佐野真規監督は、初回Aプログラムのみで特別上 映された7分の短編に触れ、 「大工原監督は、『純情No,1』やこの短編のよう な力の抜けた作品を撮られる一方で、井川さんと組んだ『赤猫』『姉ちゃん、ホトホトさまの蠱を使う』は計算された作品になっていて振れ幅が広い」と脚本によりがらりとスタイルが変わる大工原監督作品の魅力をアピール。
自身の作品が上映されるCプログラムについては、
「現在公開中の大畑創監督『へんげ』主演の森田亜紀さんが『赤猫』『わたしの赤ちゃん』、内藤瑛亮監督『先生を流産させる会』主演の宮田亜紀さんが『正当防衛』で全く違う顔を見せているのも見所です。
僕が監督した『お姉ちゃん、だいきらい』は内藤瑛亮監督が主演していて、ブログで面白い文章を書いてくれています。プロジェクトDENGEKIのブログには高橋洋監督や様々な方のコメントがありますので、ぜひご覧になってください」

映画自主制作の現場で自分流儀で突き進むちるみを描いたフェイクドキュメント『ちるみの流儀』について、大工原監督は
「元々美学校の課題として撮った作品のため、映画らしい体裁はしていないが、ラインナップの中に置くと不思議と輝いて見える作品」とコメント。川島玄士監督は、
「『ホトホトさま』から緊張感のある作品が続くので気楽に楽しんでいただきたいです」

愛する男の浮気に悩みながらもかいがいしく世話を焼く妊娠中の女。そんな生活に男の妹が割り込んで来たことで、物語は思いも寄らない展開へ。『電撃』は、プロジェクトDENGEKIの企画始動時、大工監督から渡辺あい監督に1本撮らないかと声を掛けたことで出来た作品。
脚本と助監督を務めた冨永監督は
「当初は何人かでチームを組んでシナリオを書きましたが、納得が出来ない状態で撮影に挑んだ結果、一時中断しました。その後渡辺さんと僕でシナリオを書き直して出来上がった作品です」
大工原監督は
「渡辺さんが本気で取り組んだ最初の映画。中断中に僕も相談を受けて、ひょうたんから駒みたいな設定ができました」と語った。

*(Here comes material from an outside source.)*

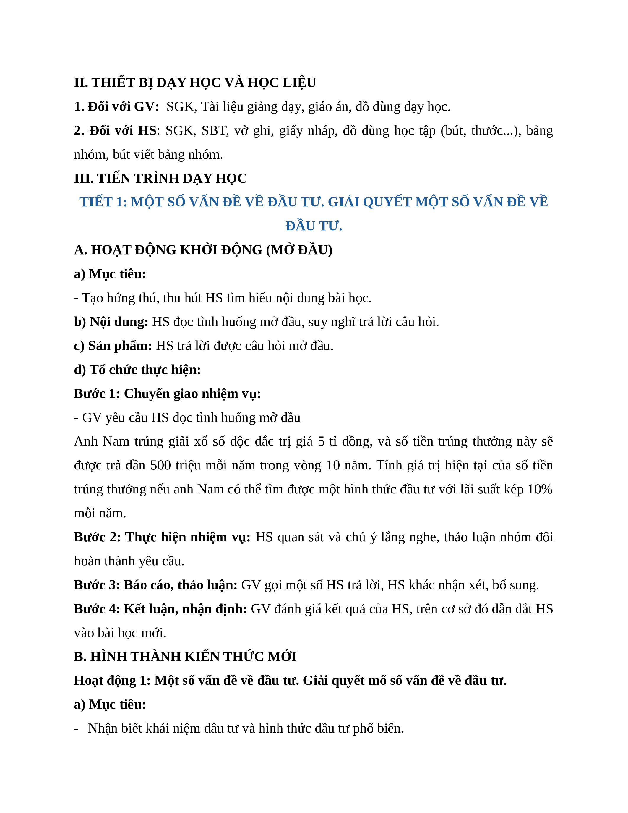 Giáo án chuyên đề Đầu tư tài chính. Lập kế hoạch tài chính cá nhân Toán 12 Kết nối tri thức

シネヌーヴォでの上映は6/8(金)まで。次回が7月、名古屋で変則的プログラムで上映とのこと。『姉ちゃん、ホトホトさまの蠱を使う』+プロジェクトDENGEKIの作品をまとめて観られるのは大阪が最後のチャンスになる。関西圏にお住まいの方はぜひ足を運んでいただきたい。